What does this program do? Intuitively, this program should print the third digit of `pi`. In reality, the behavior differs between languages. In OCaml, any argument to a function is evaluated before being passed into a function (so called strict evaluation). If we use this reduction order, then our above program will run forever computing the digits of `pi` before it can be passed to our printer function (which never happens). Since the machine does not have infinite memory, the program will eventually run out of memory and crash. However, morally this might not be the best evaluation order. Our program does not use all of the sequence `pi`, it uses only the third element. Other languages (most notably, Haskell) use a lazy evaluation order, in which functions are evaluated only as much as they need be so that further computation can be done.

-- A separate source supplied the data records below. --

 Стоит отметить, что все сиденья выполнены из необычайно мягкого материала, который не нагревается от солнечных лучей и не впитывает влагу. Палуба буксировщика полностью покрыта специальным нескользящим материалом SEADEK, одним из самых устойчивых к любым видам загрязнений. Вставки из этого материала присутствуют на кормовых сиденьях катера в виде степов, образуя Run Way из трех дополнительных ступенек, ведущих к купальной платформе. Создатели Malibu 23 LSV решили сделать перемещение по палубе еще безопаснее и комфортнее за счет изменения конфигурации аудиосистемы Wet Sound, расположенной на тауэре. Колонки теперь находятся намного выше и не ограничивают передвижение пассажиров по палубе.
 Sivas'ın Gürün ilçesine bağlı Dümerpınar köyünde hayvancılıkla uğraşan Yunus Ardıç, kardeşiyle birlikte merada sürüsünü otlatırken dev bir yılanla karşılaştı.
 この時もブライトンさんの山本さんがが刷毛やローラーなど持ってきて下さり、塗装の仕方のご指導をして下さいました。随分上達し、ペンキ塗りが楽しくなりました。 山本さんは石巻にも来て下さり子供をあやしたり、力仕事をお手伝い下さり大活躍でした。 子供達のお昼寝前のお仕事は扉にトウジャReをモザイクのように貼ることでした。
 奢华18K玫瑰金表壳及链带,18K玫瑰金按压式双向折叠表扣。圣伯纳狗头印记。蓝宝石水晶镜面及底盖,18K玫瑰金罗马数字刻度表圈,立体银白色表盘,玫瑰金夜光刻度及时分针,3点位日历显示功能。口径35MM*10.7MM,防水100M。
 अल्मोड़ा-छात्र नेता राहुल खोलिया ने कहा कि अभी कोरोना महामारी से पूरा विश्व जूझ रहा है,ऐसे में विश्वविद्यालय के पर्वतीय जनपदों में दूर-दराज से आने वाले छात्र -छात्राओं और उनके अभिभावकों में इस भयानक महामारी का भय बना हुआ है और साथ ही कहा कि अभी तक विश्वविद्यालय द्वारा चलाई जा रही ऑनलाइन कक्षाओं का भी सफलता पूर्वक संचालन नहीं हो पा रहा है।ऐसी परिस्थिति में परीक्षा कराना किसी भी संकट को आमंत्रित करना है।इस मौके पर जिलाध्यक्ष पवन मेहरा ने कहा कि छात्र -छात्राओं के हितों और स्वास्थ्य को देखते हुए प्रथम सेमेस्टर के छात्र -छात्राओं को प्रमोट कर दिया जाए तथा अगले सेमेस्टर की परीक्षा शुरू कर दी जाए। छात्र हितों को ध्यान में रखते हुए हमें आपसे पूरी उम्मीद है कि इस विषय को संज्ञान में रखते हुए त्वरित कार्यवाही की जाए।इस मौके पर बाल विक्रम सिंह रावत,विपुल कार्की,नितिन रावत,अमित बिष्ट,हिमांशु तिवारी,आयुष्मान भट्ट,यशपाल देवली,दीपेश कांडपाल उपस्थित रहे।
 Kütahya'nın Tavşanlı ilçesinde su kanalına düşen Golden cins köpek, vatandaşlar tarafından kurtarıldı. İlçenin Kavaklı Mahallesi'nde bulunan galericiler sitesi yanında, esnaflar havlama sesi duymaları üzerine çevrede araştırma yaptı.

There are other examples of infinite structures in computing as well: any program which runs forever (a so called, process) is typically defined in a similar manner. Operating systems, web servers, text editors, and most other interesting programs. The basic idea behind these processes is closely tied to the example given above: rather than being specified by recursive calls, these processes are modeled as co-recursive calls (with their associated co inductive types).

I’m not prepared to explain coinduction in it’s full generality, but I wanted to give some pointers to literature that introduces it. One basic story is clear:

Inductive structures form least fixed points, and coinductive structures form greatest fixed points.

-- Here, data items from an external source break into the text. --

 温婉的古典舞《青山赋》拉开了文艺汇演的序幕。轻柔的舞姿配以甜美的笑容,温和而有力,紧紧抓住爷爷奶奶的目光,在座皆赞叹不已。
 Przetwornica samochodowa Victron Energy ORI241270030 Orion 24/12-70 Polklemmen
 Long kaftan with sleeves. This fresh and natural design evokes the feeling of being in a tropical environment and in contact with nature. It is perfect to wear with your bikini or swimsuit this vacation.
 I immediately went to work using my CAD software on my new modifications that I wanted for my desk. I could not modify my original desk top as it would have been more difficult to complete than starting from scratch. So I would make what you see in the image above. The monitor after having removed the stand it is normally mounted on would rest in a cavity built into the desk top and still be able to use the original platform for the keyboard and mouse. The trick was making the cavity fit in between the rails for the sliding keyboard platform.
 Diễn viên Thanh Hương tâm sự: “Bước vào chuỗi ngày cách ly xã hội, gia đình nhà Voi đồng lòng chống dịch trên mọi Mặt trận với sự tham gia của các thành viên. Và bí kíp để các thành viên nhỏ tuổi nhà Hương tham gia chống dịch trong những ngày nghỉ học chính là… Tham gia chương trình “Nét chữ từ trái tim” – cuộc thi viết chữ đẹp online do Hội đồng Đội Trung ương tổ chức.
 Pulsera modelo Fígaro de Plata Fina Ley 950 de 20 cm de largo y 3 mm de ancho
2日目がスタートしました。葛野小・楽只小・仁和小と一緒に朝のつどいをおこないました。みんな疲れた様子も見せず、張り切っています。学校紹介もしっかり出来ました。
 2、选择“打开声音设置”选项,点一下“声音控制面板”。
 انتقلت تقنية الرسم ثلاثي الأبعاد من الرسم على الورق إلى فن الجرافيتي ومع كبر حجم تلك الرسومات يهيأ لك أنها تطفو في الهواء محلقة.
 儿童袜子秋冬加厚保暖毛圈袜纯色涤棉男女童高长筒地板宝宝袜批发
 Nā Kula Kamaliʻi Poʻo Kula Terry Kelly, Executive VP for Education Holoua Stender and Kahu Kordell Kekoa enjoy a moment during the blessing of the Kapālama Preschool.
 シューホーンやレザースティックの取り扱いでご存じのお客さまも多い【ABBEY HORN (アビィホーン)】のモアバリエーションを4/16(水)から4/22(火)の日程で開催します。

While this tag line is used all over the place, it’s not really clear in what sense (co)inductive form fixed points, and it’s really not clear how one fixed point would be “larger” than another. The answer, as it turns out, is somewhat involved and deals with a bit of algebra: specifically, treating inductive and coinductive types as forming algebras (sets with operations on those sets) with certain properties that you use to define recursive functions and inductive proof principles.

I’ll assume that you’re familiar with regular old induction, and recursive definitions of functions. The following definition suffices to think about corecursive functions:

Recursive functions break apart finite data, co-recursive functions build infinite data.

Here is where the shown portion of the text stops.